Thank you so much Barbara for your kind words. I have had to wait five weeks until I see the nurse to provide information all I saw was my GP who told me I was type 2 diabetic. I was just told to work hard to reduce sugar levels so I can avoid medication. You have given me a lot of food for thought and ideas for the future.
It is only in the last few years I have started eating vegetables and don’t eat salads but I know I have to try and push myself a little harder. It is interesting what you said about the various nuts I didn’t know they differed so much. I think I will start with cream in coffee as a little treat.
I will also think about having a more structured breakfast like you have described.

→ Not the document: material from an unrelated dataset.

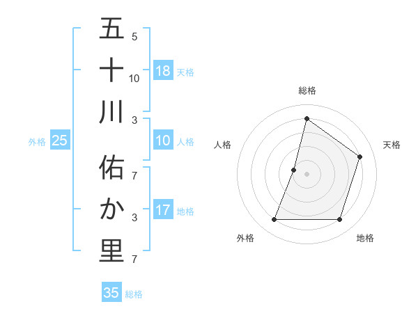 五十川 佑か里さんを姓名の画数から五運を鑑定

I have found it quite easy so far but each day is getting harder and harder.
It’s good to hear that after about five weeks I will be more used to this diet and not have as many cravings. 
I understand it’s a new way of life and I am prepared to make that change.
Thank you once again Barbara.


----------



## Deb RR (Feb 17, 2020)

Mephistophlillie said:


> like I said - someone will be along with better advice than me
> 
> I must definitely try the cauliflower mash you've mentioned there. It sounds lovely


Thank you. 
All Advice and help would be much appreciated. Thank you very much for giving me the belief I can do this and that I am not alone.


----------



## Deb RR (Feb 17, 2020)

Felinia said:


> Two excellent posts with good dietary advice for you, and the training course to work your way through.  The other advice I was given, along with diet, was exercise and lose weight (if necessary).  I now do 4 hours a week in the swimming pool doing Aquafit, but there is all sorts of exercise, walking, cycling, keep fit classes - it all helps.  The other thing I did to help me monitor my carbs and calories was join a website for that purpose, with a downloadable app.  I use NutraCheck which gives you a free week's trial to see if it suits you, but there are others.  It is cheaper than WeightWatchers or SlimmingWorld.  Glad you have an enlightened doctor who will give you a chance to get your HbA1c down naturally (it is rather high) - some shove you on medication the moment you hit 48.  But you will need to be strict and work hard.  Once I got down to 48 I was told I could have the occasional treat.  I found chocolate was far too sickly sweet by then!  Best wishes


----------



## Deb RR (Feb 17, 2020)

Thank you Felicia.
Yes I am grateful for my doctor giving me the opportunity to work at this and hopefully avoid medication.I feel I am doing well but you never know as this is all new to me at the moment. I am being very strict with myself because I know it is in my own hands at the moment and I am determined to do all I can.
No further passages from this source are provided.